I live near Camarillo  and have finally been contacted by the seller.

I'll let you know how things work out.

----------


## mrmando

> I live near Camarillo  and have finally been contacted by the seller.
> 
> I'll let you know how things work out.


OK — are you interested in flipping the cases to me (if so, send me a private message) or do you want them for yourself? 

Either way is fine with me ...

----------


## Rodney Riley

https://losangeles.craigslist.org/la...903877425.html

These would be interesting.

----------


## creekroadguitars

Took 4 days to respond to my text and, couldn't be bothered to ship?

I'm not sure what to expect but, I'll report when I know more...

----------


## mrmando

> https://losangeles.craigslist.org/la...903877425.html
> 
> These would be interesting.


That ad has been running for a long, long time. 

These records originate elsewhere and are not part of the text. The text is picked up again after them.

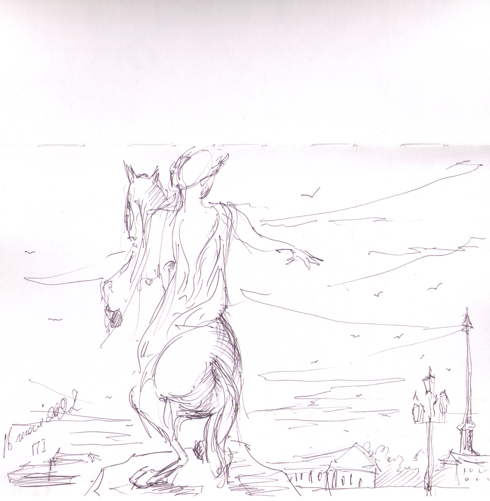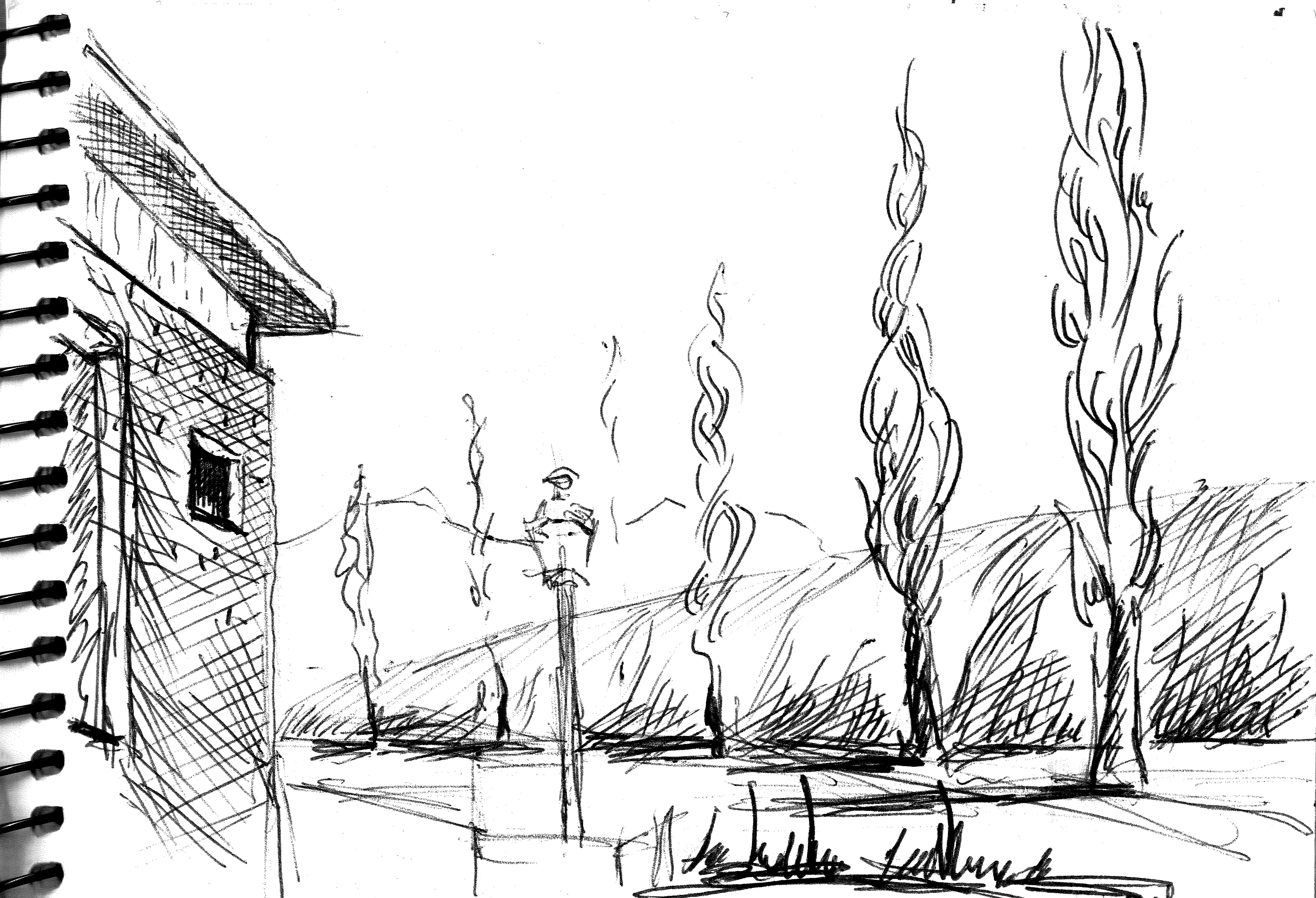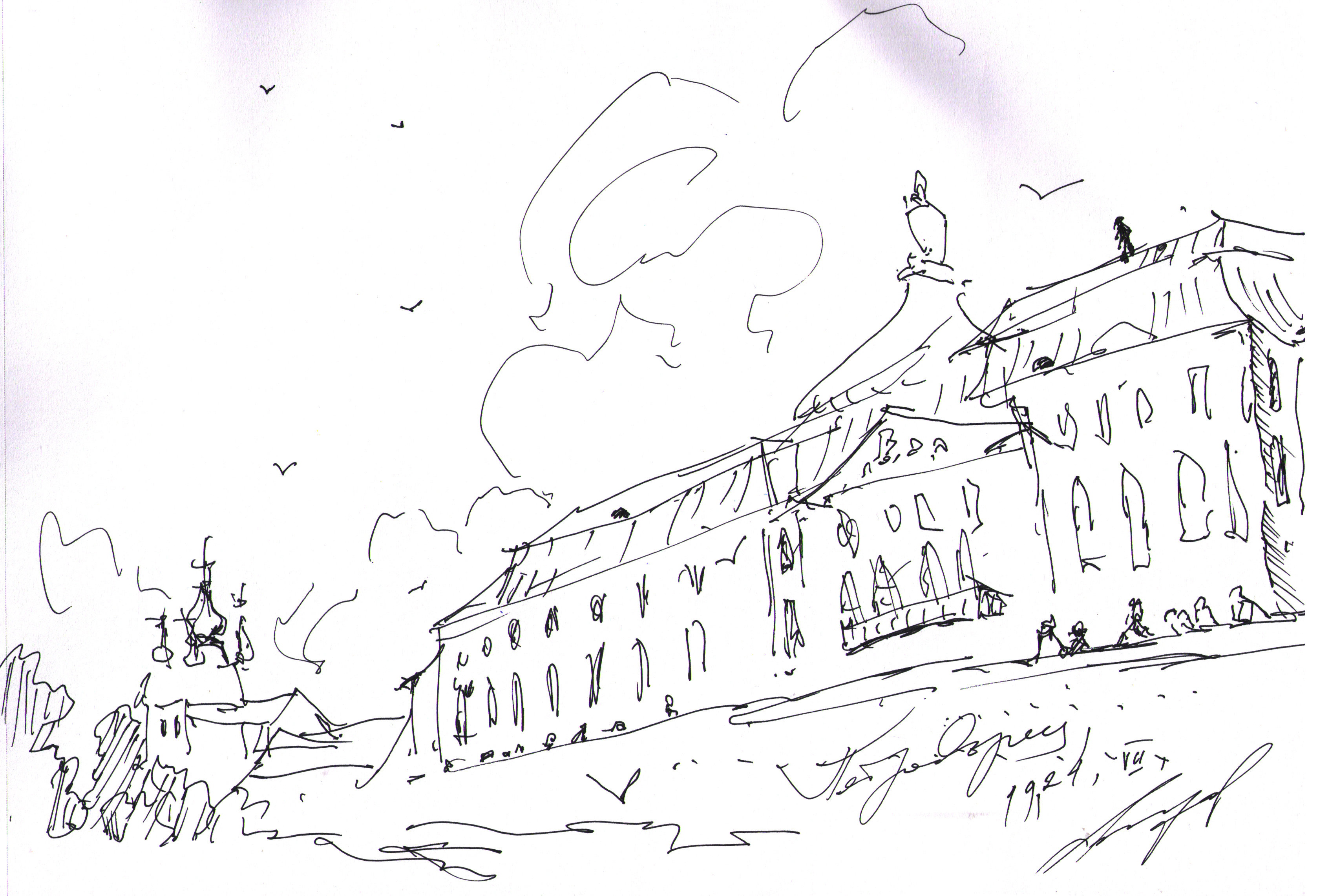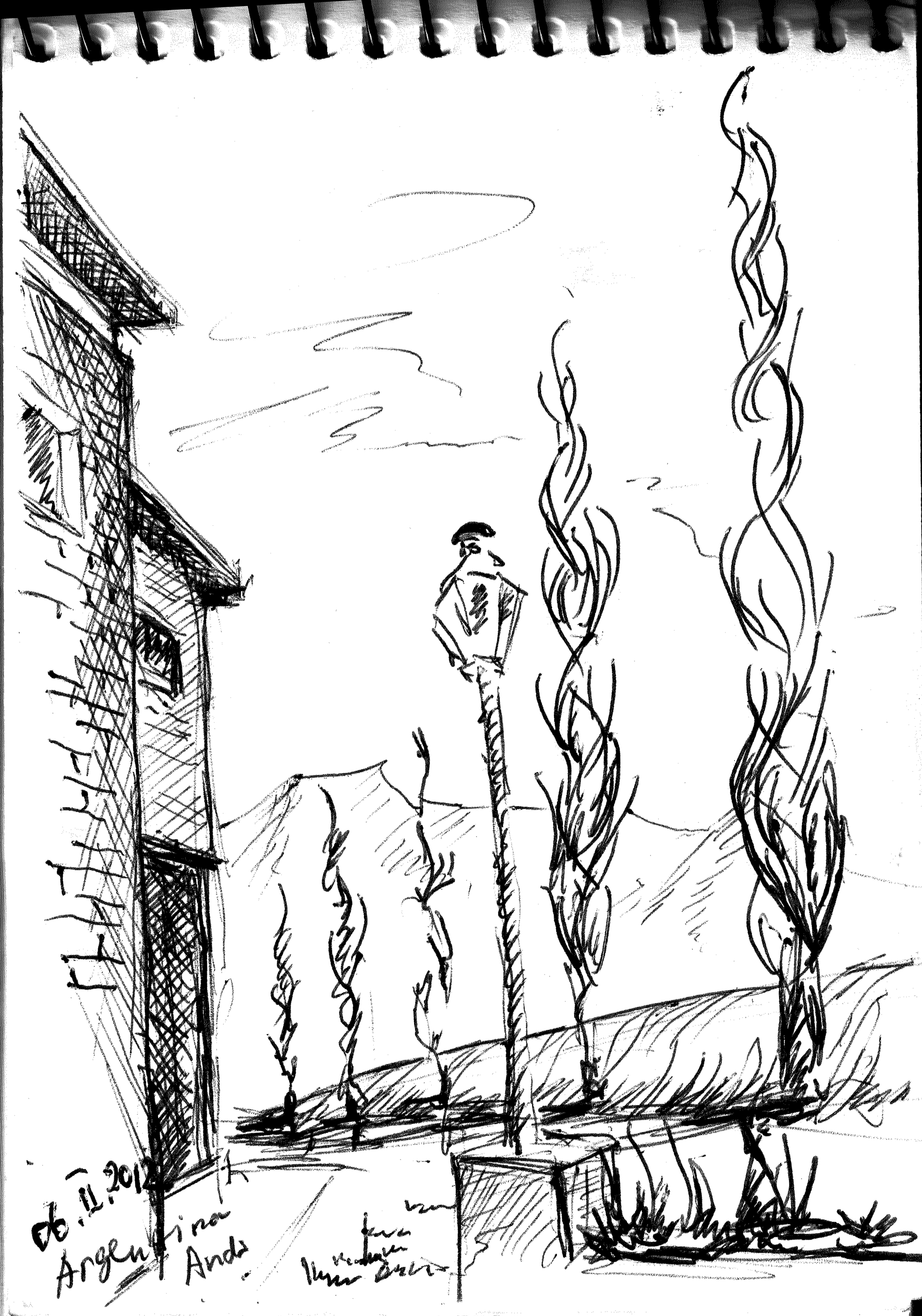 "Узники науки". Дворик библиотеки университета г. Феррара. Библиотеку устроили в здании бывшего сахарного завода. Рисунок подарен Льву Титарчуку - ученому, другу и человеку - который провел здесь не один год. Надо иметь в виду, что университет г. Феррара заканчивал Николай Коперник. Ноябрь. 2016. Италия. |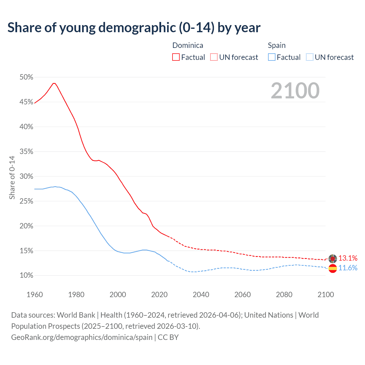 - The share of young demographic (0-15 years old) in Dominica is 17.9% vs 12.9% in Spain.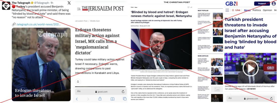 Le second réfute l'information selon laquelle "la Turquie aurait proféré des menaces d'invasion contre Israël", attribuées à Recep Tayyip Erdogan par "certains organes de presse et publications sur les réseaux sociaux" (lien archivé ici). Outre des internautes sur les réseaux sociaux, certains médias ont en effet également relayé ces prétendus propos, comme le site d'informations conservateur britannique GB News, le journal israélien Jerusalem Post ou le quotidien The Telegraph. Les deux quotidiens ont ensuite supprimé leurs articles.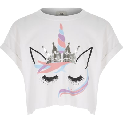 Girls white unicorn print crop T-shirt | River Island

I have an album — I think it's Tonio K.'s _Olé!_ — with David Hidalgo credited as playing "mandolo." Maybe that's a typo and he actually played mandola ... and maybe it was this particular H1. (Never seen an H1 with the aluminum bridge saddle before.)

----------


## mrmando

Dude keeps deleting and reposting his case ad ... wonder why ... 
https://losangeles.craigslist.org/la...913345760.html

----------


## jefflester

He thinks you're stalking him!

----------


## Timbofood

Seems like the guys nuts!

----------


## bjshear

Did you ever get the cases? I'm in that area if you need help.

----------


## mrmando

The seller is the one who needs help! I don't know what became of the cases, but the ad hasn't been running lately. Best to leave it alone.

----------